The opinion of the court was delivered by: B. Lynn Winmill Chief Judge United States District Court


Before the Court is pro se Defendant Francisco Cardona-Rodriguez's Motion to Clarify Judgment (Dkt. 156). Having reviewed Defendant's Motion and being familiar with the record, the Court will deny the Motion for the reasons stated below.

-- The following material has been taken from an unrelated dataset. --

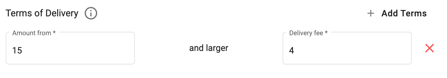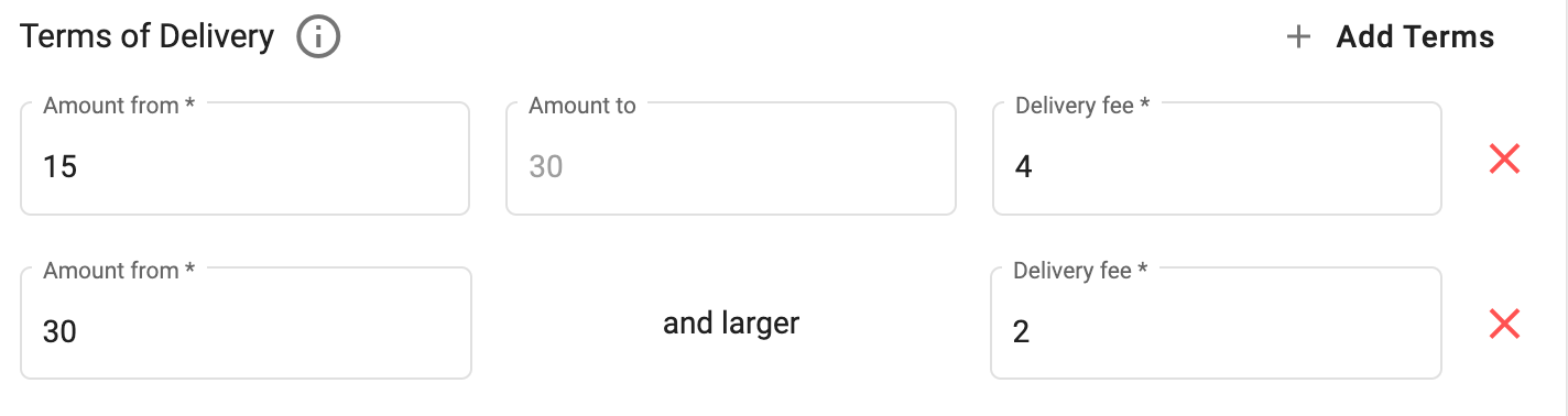 Skonfiguruj warunki dostawy — kwotę zamówienia oraz Opłatę za dostawę. Kwota zamówienia (Kwota od, Kwota do) to łączna cena wszystkich pozycji zamówienia po rabatach, ale bez uwzględnienia wykorzystanych nagród. Opłata za dostawę zostanie automatycznie dodana do ceny zamówienia zgodnie z warunkami.

In December 2011, Defendant pleaded guilty to Conspiracy to Distribute a Controlled Substance. Defendant was sentenced to 37 months in prison; but the Court's Judgment provided a recommendation to the Bureau of Prisons that "the defendant be given credit for all time served." Judgment, Dkt. 138. According to Defendant, he was not credited for time between March 9 and June 18, 2011, when he was in the U.S. Marshal's custody, pending disposition of his case before this Court. Defendant states that he requested an administrative remedy under the PLRA, but was denied because -- he was told -- his time on writ to the U.S. Marshal's is not credited as time served. Motion, Dkt. 156. Defendant now asks for clarification that his time under U.S. Marshal custody counts as time served toward his 37 month prison term.


Preliminarily, the Court notes that the Judgment did not explicitly credit the Defendant with time served. Rather, it was stated only as a recommendation to the Bureau of Prisons. This procedure is followed, because "[c]redit for time served is . . . a matter which generally falls within the province of the Bureau of Prisons under 18 U.S.C. § 3585(b)." U.S. v. Drake, 49 F.3d 1438, 1440 (9th Cir. 1995).

More significantly, this action is filed in the wrong district. Generally, a prisoner may challenge his sentence under 28 U.S.C. § 2255. But where a prisoner argues he is entitled to credit against his sentence for time spent in custody prior to sentencing, he is challenging the execution of his sentence rather than the sentence itself. U.S. v. Giddings, 740 F.2d 770, 772 (9th Cir. 1984). In such circumstances, the prisoner must petition for a writ of habeas corpus under 28 U.S.C. § 2241. Id. The Supreme Court has held that a writ under § 2241 must issue from the court with jurisdiction over the prisoner's custodian. Braden v. 30th Judicial Circuit Court of Kentucky, 410 U.S. 484, 495 (1973); see also Brown v. U.S., 610 F.2d 672, 677 (9th Cir. 1980).

Defendant here did not identify §§ 2255, 2241, or any other legal basis for his Motion. Defendant asks the Court to clarify that his credit for time served, outlined in the Judgment, should include credit for his time in the U.S. Marshal's custody, prior to sentencing. As the Ninth Circuit found in Giddings, this issue concerns the execution of Defendant's sentence. 740 F.2d at 772. As such, it is properly raised under § 2241. Id.A petition under § 2241 must be raised to the district court in the district where defendant is confined. Brown, 610 F.2d at 677. According to Court records, that district is in Ohio, and not Idaho.

For these reasons, the Court will deny Defendant's Motion. Nothing in this Order precludes Defendant from filing a proper motion under 28 U.S.C. § 2241.


IT IS ORDERED THAT: Defendant's Motion to Clarify (Dkt. 156) is DENIED.